What is being asked
Below are records; copy exactly the line containing "REAR VIEW 03/25/2016" and every line after it, through the last.
___ Data for review
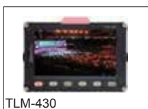
TLM-430 4.3" Look-Back Monitor
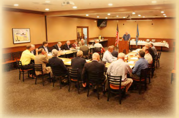
Private Dining in our Dover Restaurant
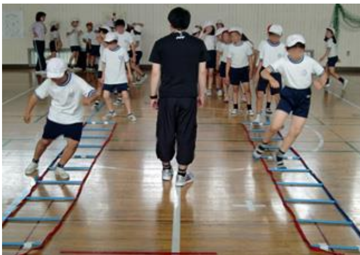
Figure 1. Agility ladder program (ALP).

rungs (squares) and not step on the ladder while moving their bodies as quickly as possible. For the quick run, participants ran over the ladder as fast as they could. For the lateral run, participants were instructed to stand inside a square, face the ladder's right or left side, and run sideways over the ladder. For the open and closed jump, participants repeatedly jumped into each square along the ladder, advancing one square at a time while alternately opening and closing both legs. For the two-leg zigzag step involves the child stepping with both feet simultaneously in left and right directions. The right foot is outside the square, and the left foot is inside the square when stepping to the front-right diagonally; the left foot is outside the square, and the right foot is inside the square when stepping to the front-left diagonally. The child moves one square forward at a time while doing this movement. The 27 participants in Group 1 were further divided into Group A ( n = 14 ) and Group B ( n = 13 ). One ladder was used by Group A, while the other was used by Group B. First, the instructor gave the participants a demonstration and then blew a whistle for the children to begin the activity.
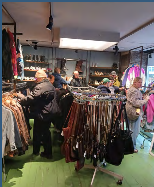
The very atmospheric premises on Istedgade 97 are now filled with trend and vintage pieces.
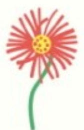
Athletics Gauteng North

VENUE: Voortrekker Monument, Eeufees Rd, PTA
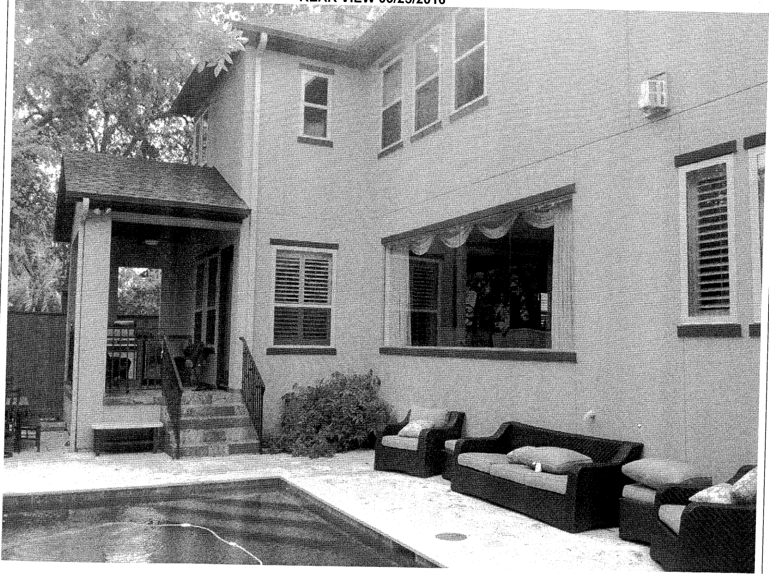
REAR VIEW 03/25/2016

If submitting more photographs than will fit on the preceding page, affix the additional photographs below. Identify all photographs with: date taken; "Front View" and "Rear View"; and, if required, "Right Side View" and "Left Side View." When applicable, photographs must show the foundation with representative examples of the flood openings or vents, as indicated in Section A8.
______
Task result
REAR VIEW 03/25/2016

If submitting more photographs than will fit on the preceding page, affix the additional photographs below. Identify all photographs with: date taken; "Front View" and "Rear View"; and, if required, "Right Side View" and "Left Side View." When applicable, photographs must show the foundation with representative examples of the flood openings or vents, as indicated in Section A8.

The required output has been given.